Music makes me want to get out of bed in the morning. I know that it is the one thing for me right mow that I can count on to make any bad day better. All I need is my Taylor guitar and a little time......
 
 www.mattbenoist.com   www.cdbaby.com/cd/benoist

ANDREA KLAS

  • * How has music inspired you?  Your musical inspirations? --

    Music has always been a part of my life. My Mom started singing to me very early on and I was harmonizing with her at 3 yrs of age. I was brought up in a very diverse musical family where my Mom listened to Opera, my Dad listened to country and my two older siblings listened f to everything from heavy metal to light rock.

    I was in my first Musical theatre production at the age of 12 and then I started my own band at 18. So I guess you could say that I have been inspired by many different genres. I love all types of music and I think this is reflected in all the songs I have written. ORION , my debut album, has an array of influences in the songs and I think the type of fan that enjoys my album will appreciate that all the songs are NOT the same.

    I can truly say that I am inspired by many different genres as well. I love great music no matter what the genre . A song or band that the speaks to my soul are the ones that inspire me to write more songs.

    * Has music helped you through a difficult or traumatic time in your life?

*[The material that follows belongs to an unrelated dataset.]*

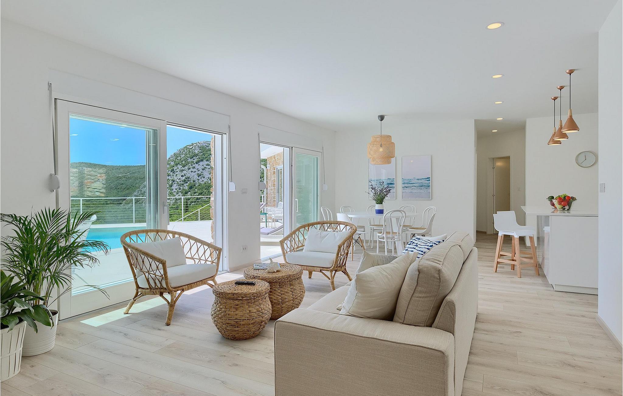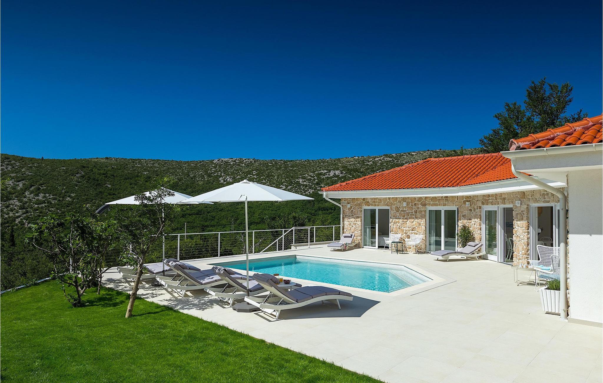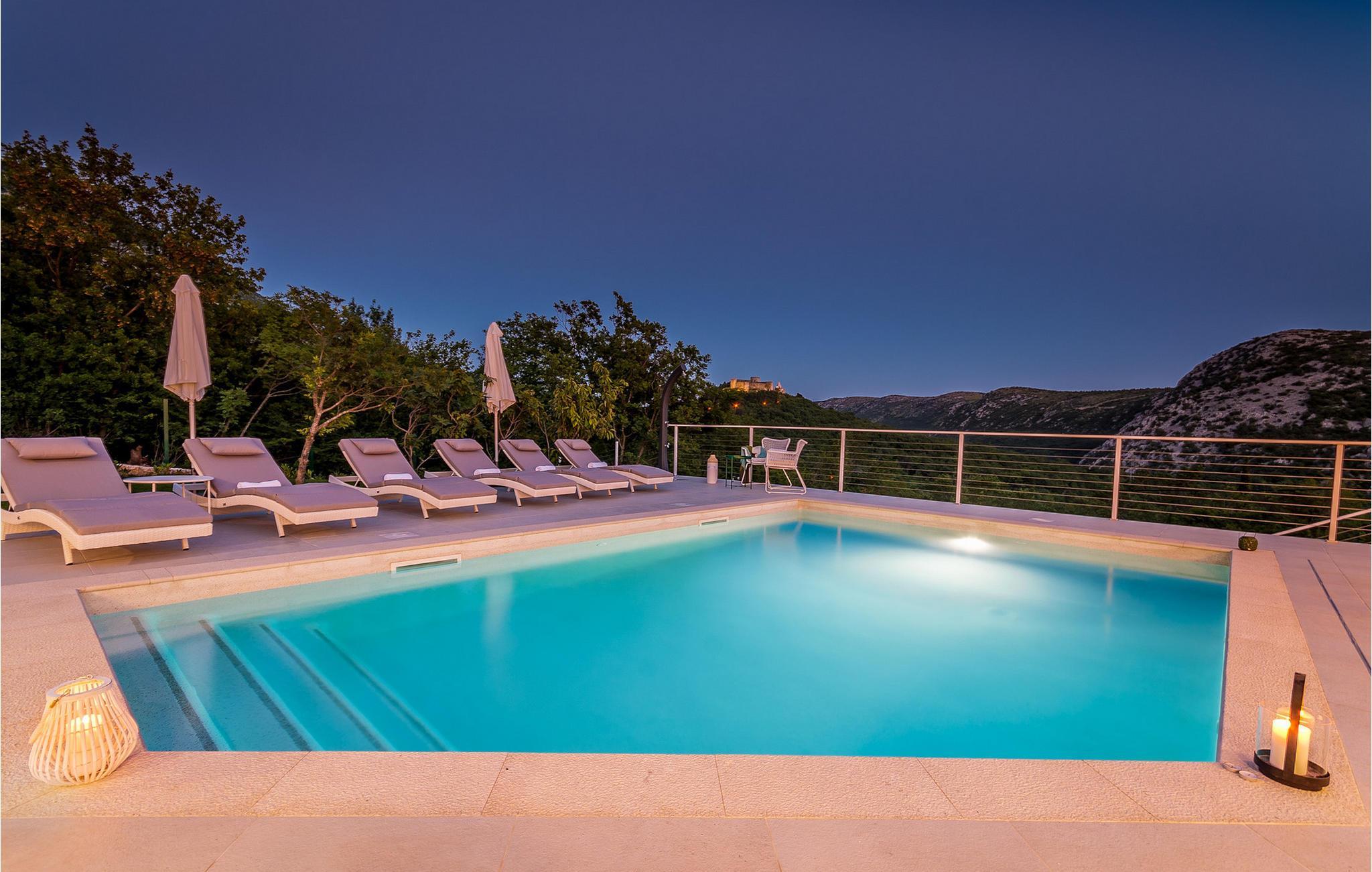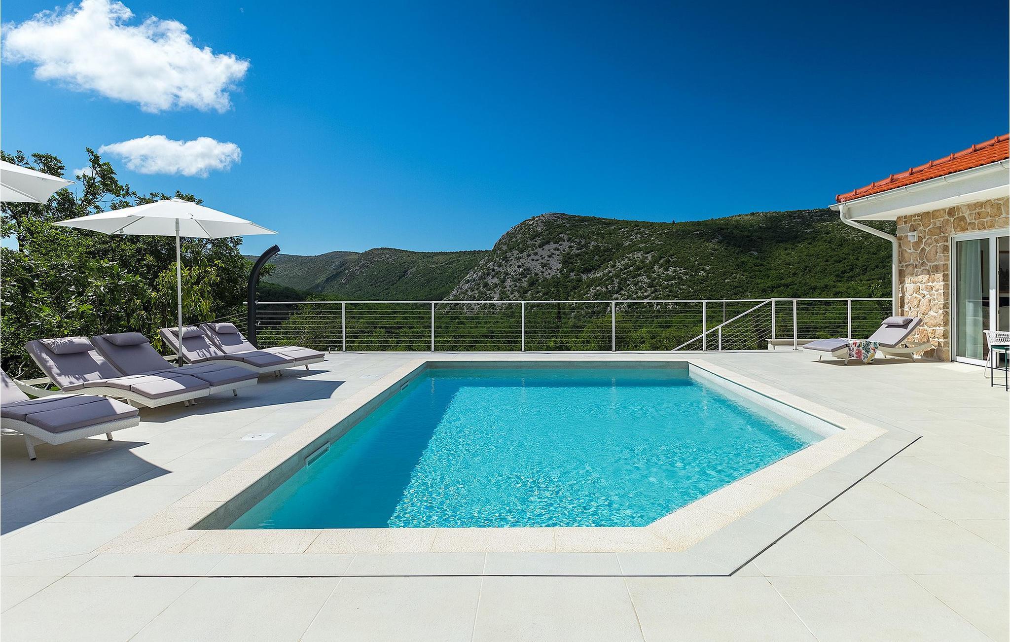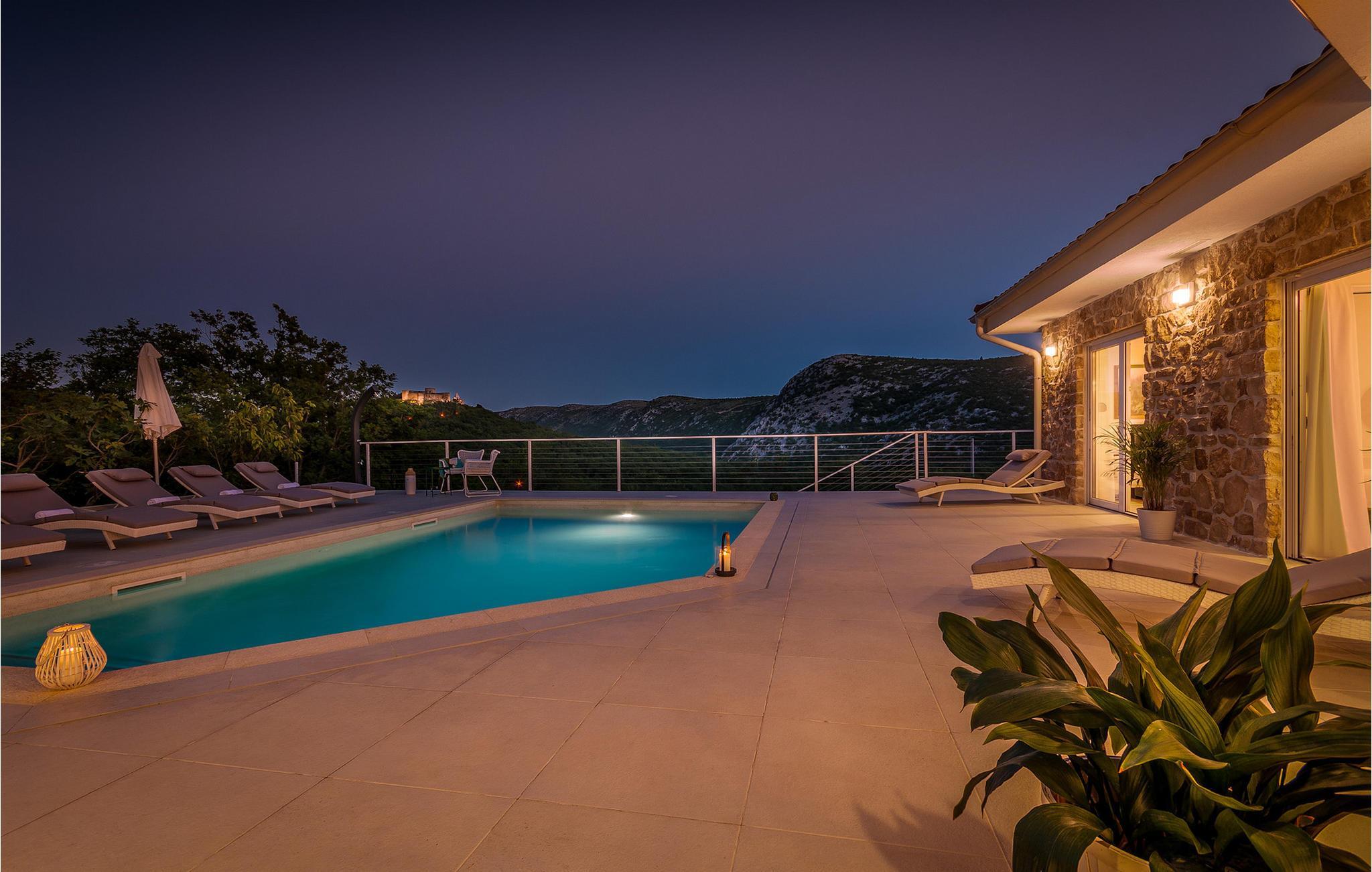 Die Villa Senza Nome ist ein wahres Juwel, versteckt in der bergigen Landschaft der Kvarner-Region. Sie ist geschickt in ihre Umgebung integriert, um ihren Gästen einen ruhigen und erholsamen Aufenthalt zu bieten. Die Villa ist in zwei Teile unterteilt - die untere und die obere Etage. Die untere Etage besteht aus einem Appartement für 4 Personen mit Wohnzimmer, Küche, Schlafzimmer und Badezimmer. Die obere Etage besteht aus einem Wohnzimmer, eine Küche, einen Essbereich, 3 Badezimmer und 4 Schlafzimmer unterteilt. Von jedem Schlafzimmer aus haben Sie direkten Zugang zum Poolbereich. Wenn Sie also schon immer einmal die Möglichkeit haben wollten, aus dem Bett aufzustehen und direkt in den Pool zu springen - nun, in der Villa Senza Nome kann dieser Traum wahr werden.

    Music has always been the one constant thread through any time of my life. I would have to say that the most difficult time in my life was when my parents got divorced . I was just out of high school and trying to find my way. They both moved out of the house, my Mom went to Toronto and my Dad moved to our Cottage outside Edmonton. I moved into this dinky little basement suite that I could barely afford. This was the time in my life that I had Musical Theatre and my band to give me sense of purpose . I was happy and really found myself . I became the person I am today and have written the songs I have written because of those hard times in my life. I will always have those times and thank God I had my music. When I was performing I always felt I was "Home" and I didn't need to have anything , a house or material things to be happy.

    * Any CDs or songs that are meaningful to you?

    I am listening to Coldplay and The Best Of Crowded House . At the moment , these two bands are inspiring me to write more songs

    *How did you get into the music business?

    My Mom took me to my first vocal coach at age 7. I have been in it ever since!

    * Discuss the creative or songwriting process --

    WOW that is a big question. I co-write with Adam Popowitz, my producer as well. We get together and just start playing different chords on guitar and piano and then listen to see if anything catches our attention. This can take the most time. Once we get the chord structure , I begin to sing different melody lines in and out of the chords and let it flow. We tape everything in case I am in a trance and can't recall my moments of brilliance..ha..ha. No really, all the melodies and harmonies come from my head at this point. Then we cut and paste some of my melodic ideas and come up with the melody. We end one session with a chord structure and melody . I then take the melody back to my studio and work with it until it speaks to me . I listen to the melody over and over and then the words just start to come. Then Adam and I meet again and we finalize the lyrics. That's how it goes for me !

    * Discuss your feelings about the powerful or life-changing effects that music can have on a person--

     I believe that music is the basis for all life changing experiences. If you ask people to recall an important time or life changing event like a break-up of a boyfriend or graduation or divorce they will always mention a song that reminds them of it.

    A lot of songs inspire people to be more active politically or socially or to just get up and change their situation( if it is a bad one). Music by REM or Moby has that effect on some people. Music that is gospel in nature helps those to connect more with their faith. I have heard that some of the most inspirational music ever is heard in the churches in the BRONX or in Harlem.